Instructions for the task
Copy all the records exactly, but keep the pictures out of your version.

[Items from a data source]
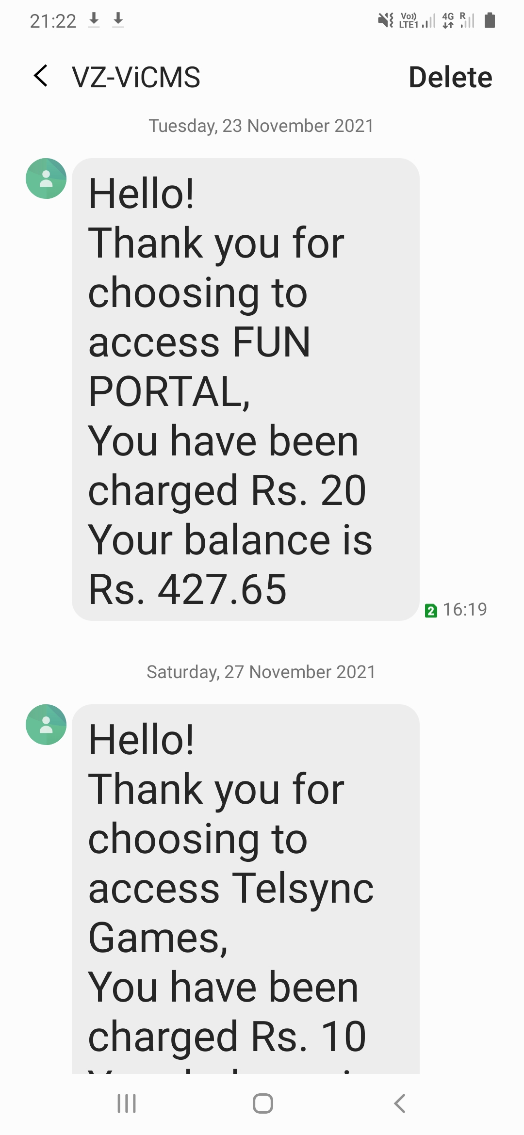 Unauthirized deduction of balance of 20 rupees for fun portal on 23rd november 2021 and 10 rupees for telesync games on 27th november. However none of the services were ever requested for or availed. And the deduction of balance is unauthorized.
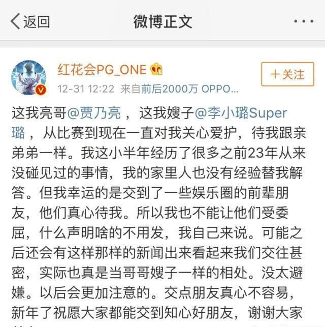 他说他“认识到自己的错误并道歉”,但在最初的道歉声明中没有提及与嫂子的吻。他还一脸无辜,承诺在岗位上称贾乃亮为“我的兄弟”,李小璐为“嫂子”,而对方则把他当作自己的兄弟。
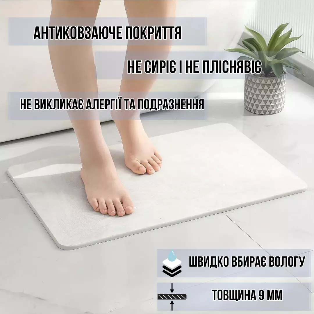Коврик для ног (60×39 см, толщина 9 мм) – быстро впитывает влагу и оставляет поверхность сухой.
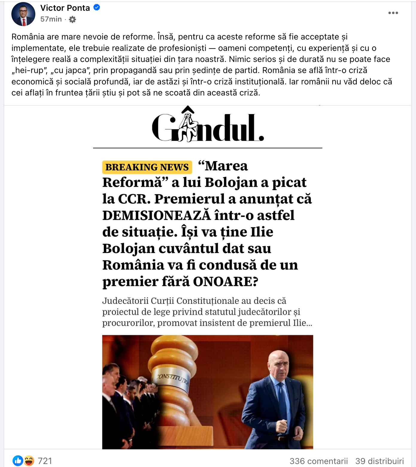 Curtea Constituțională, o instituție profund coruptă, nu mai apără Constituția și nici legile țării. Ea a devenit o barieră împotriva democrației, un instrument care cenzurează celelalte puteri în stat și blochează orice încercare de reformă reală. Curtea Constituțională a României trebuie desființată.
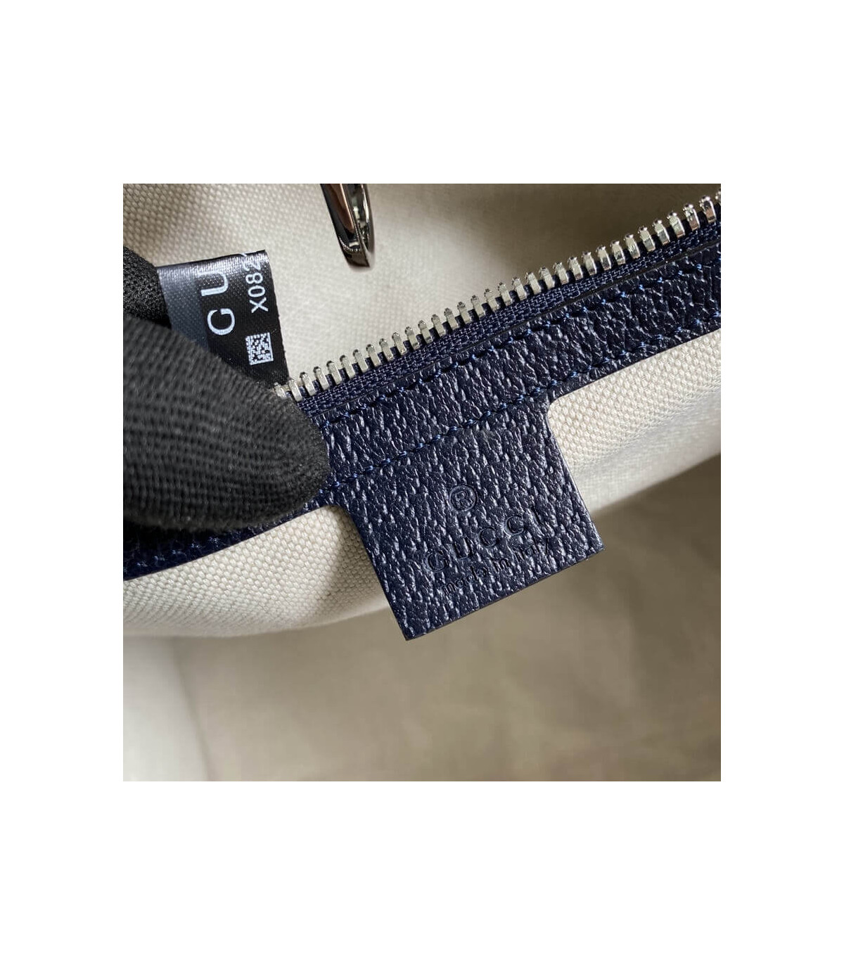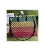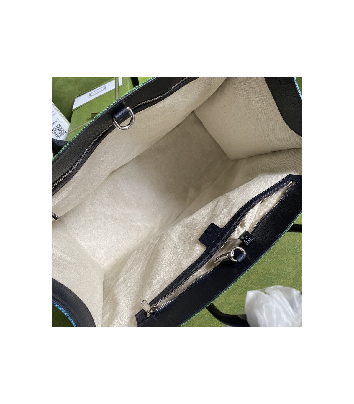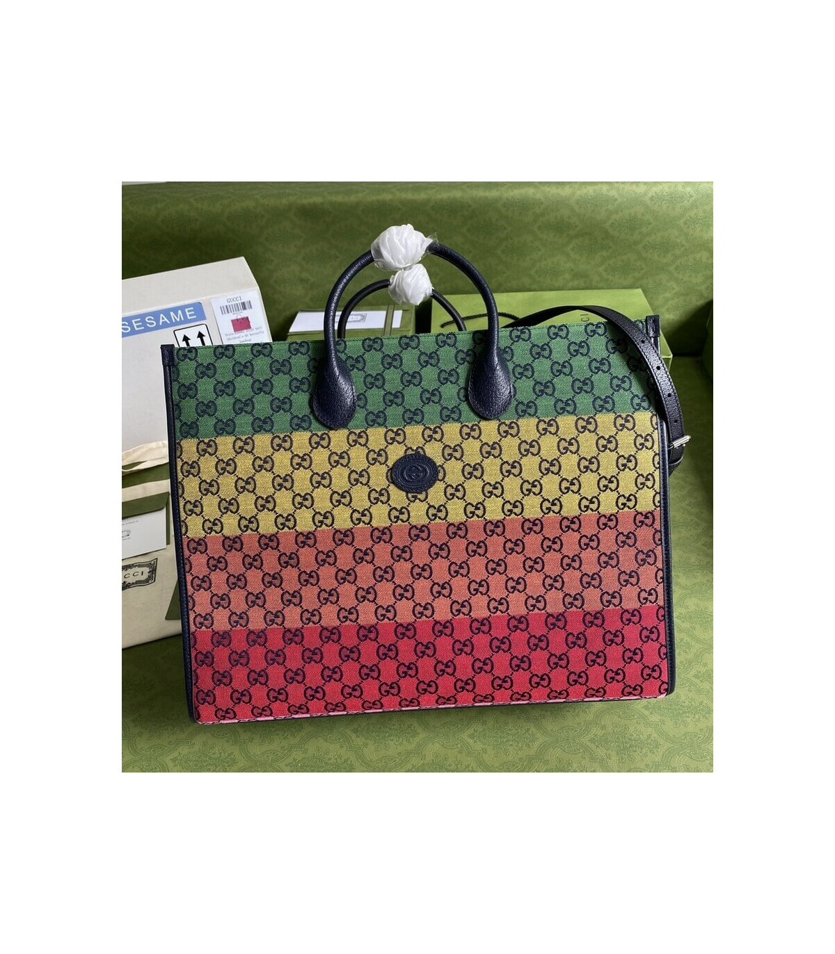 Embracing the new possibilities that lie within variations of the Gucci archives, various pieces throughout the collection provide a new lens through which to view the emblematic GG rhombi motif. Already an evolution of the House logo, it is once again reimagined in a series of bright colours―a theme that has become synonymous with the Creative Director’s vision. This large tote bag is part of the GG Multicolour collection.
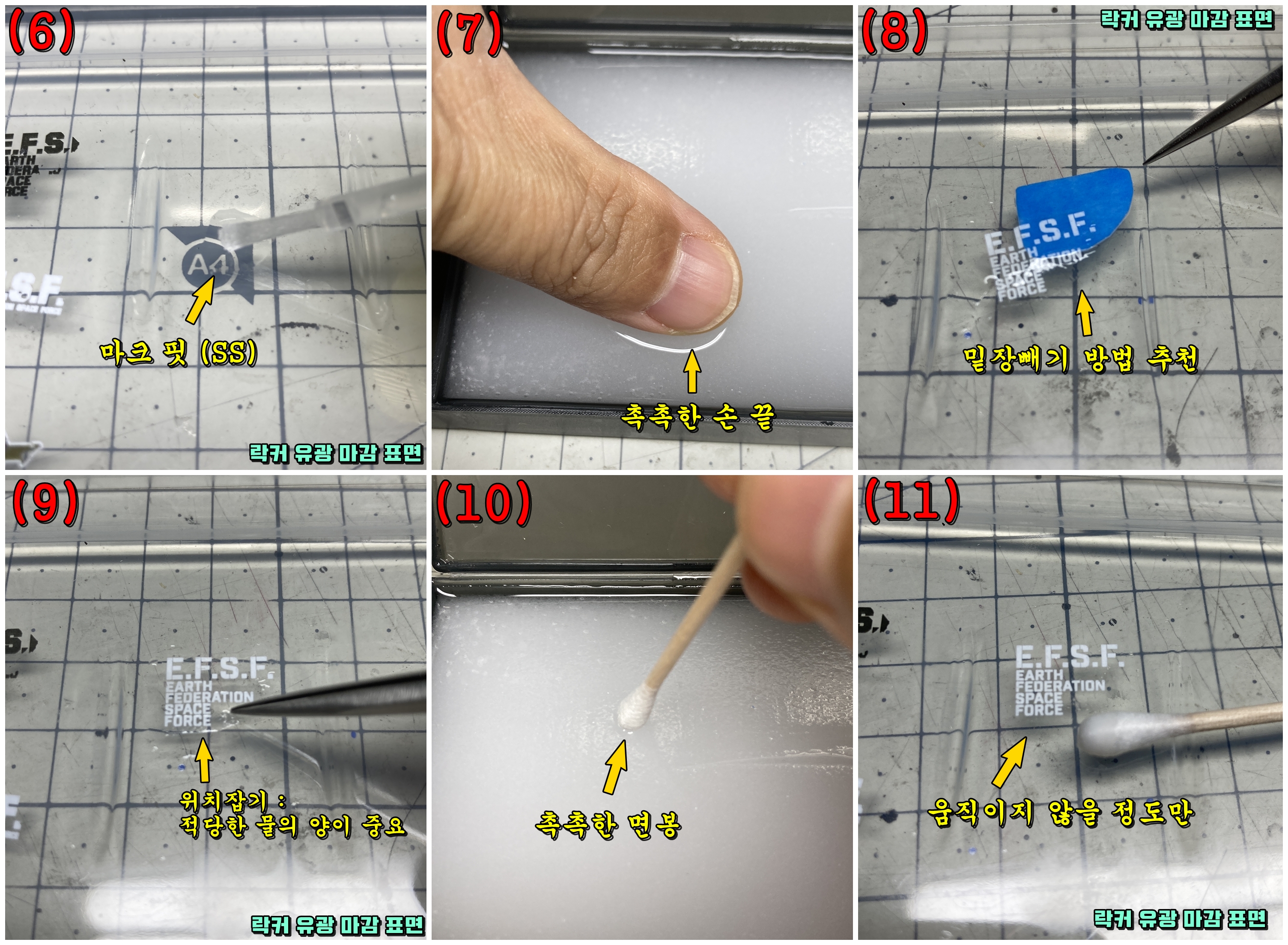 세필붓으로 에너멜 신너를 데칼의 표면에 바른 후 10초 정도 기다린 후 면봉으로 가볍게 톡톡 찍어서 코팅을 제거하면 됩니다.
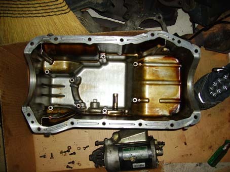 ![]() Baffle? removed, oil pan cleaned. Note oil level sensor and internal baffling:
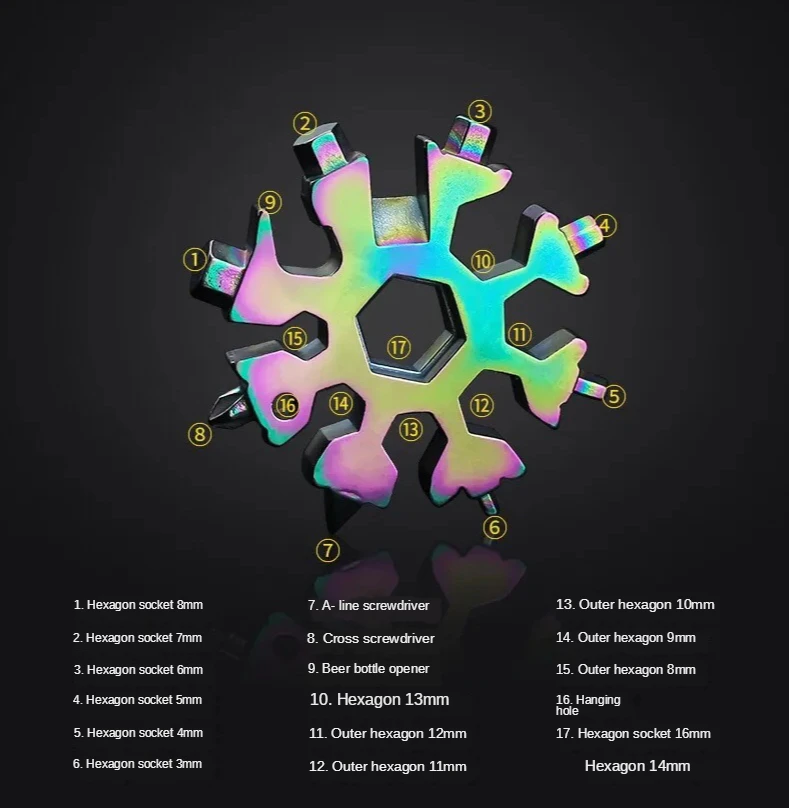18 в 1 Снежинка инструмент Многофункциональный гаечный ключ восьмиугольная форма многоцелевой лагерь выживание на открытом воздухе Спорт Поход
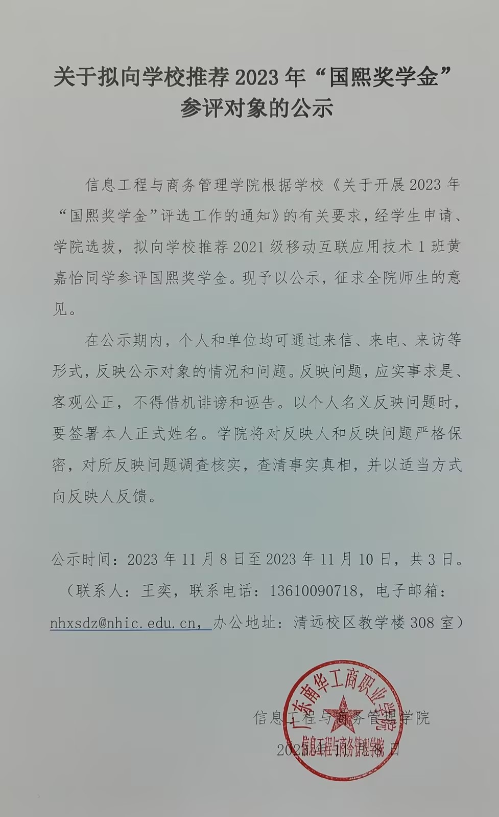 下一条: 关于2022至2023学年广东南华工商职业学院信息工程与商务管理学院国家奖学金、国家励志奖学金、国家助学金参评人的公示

Answer for this exercise
 Unauthirized deduction of balance of 20 rupees for fun portal on 23rd november 2021 and 10 rupees for telesync games on 27th november. However none of the services were ever requested for or availed. And the deduction of balance is unauthorized.
 他说他“认识到自己的错误并道歉”,但在最初的道歉声明中没有提及与嫂子的吻。他还一脸无辜,承诺在岗位上称贾乃亮为“我的兄弟”,李小璐为“嫂子”,而对方则把他当作自己的兄弟。
Коврик для ног (60×39 см, толщина 9 мм) – быстро впитывает влагу и оставляет поверхность сухой.
 Curtea Constituțională, o instituție profund coruptă, nu mai apără Constituția și nici legile țării. Ea a devenit o barieră împotriva democrației, un instrument care cenzurează celelalte puteri în stat și blochează orice încercare de reformă reală. Curtea Constituțională a României trebuie desființată.
 Embracing the new possibilities that lie within variations of the Gucci archives, various pieces throughout the collection provide a new lens through which to view the emblematic GG rhombi motif. Already an evolution of the House logo, it is once again reimagined in a series of bright colours―a theme that has become synonymous with the Creative Director’s vision. This large tote bag is part of the GG Multicolour collection.
 세필붓으로 에너멜 신너를 데칼의 표면에 바른 후 10초 정도 기다린 후 면봉으로 가볍게 톡톡 찍어서 코팅을 제거하면 됩니다.
 ![]() Baffle? removed, oil pan cleaned. Note oil level sensor and internal baffling:
18 в 1 Снежинка инструмент Многофункциональный гаечный ключ восьмиугольная форма многоцелевой лагерь выживание на открытом воздухе Спорт Поход
 下一条: 关于2022至2023学年广东南华工商职业学院信息工程与商务管理学院国家奖学金、国家励志奖学金、国家助学金参评人的公示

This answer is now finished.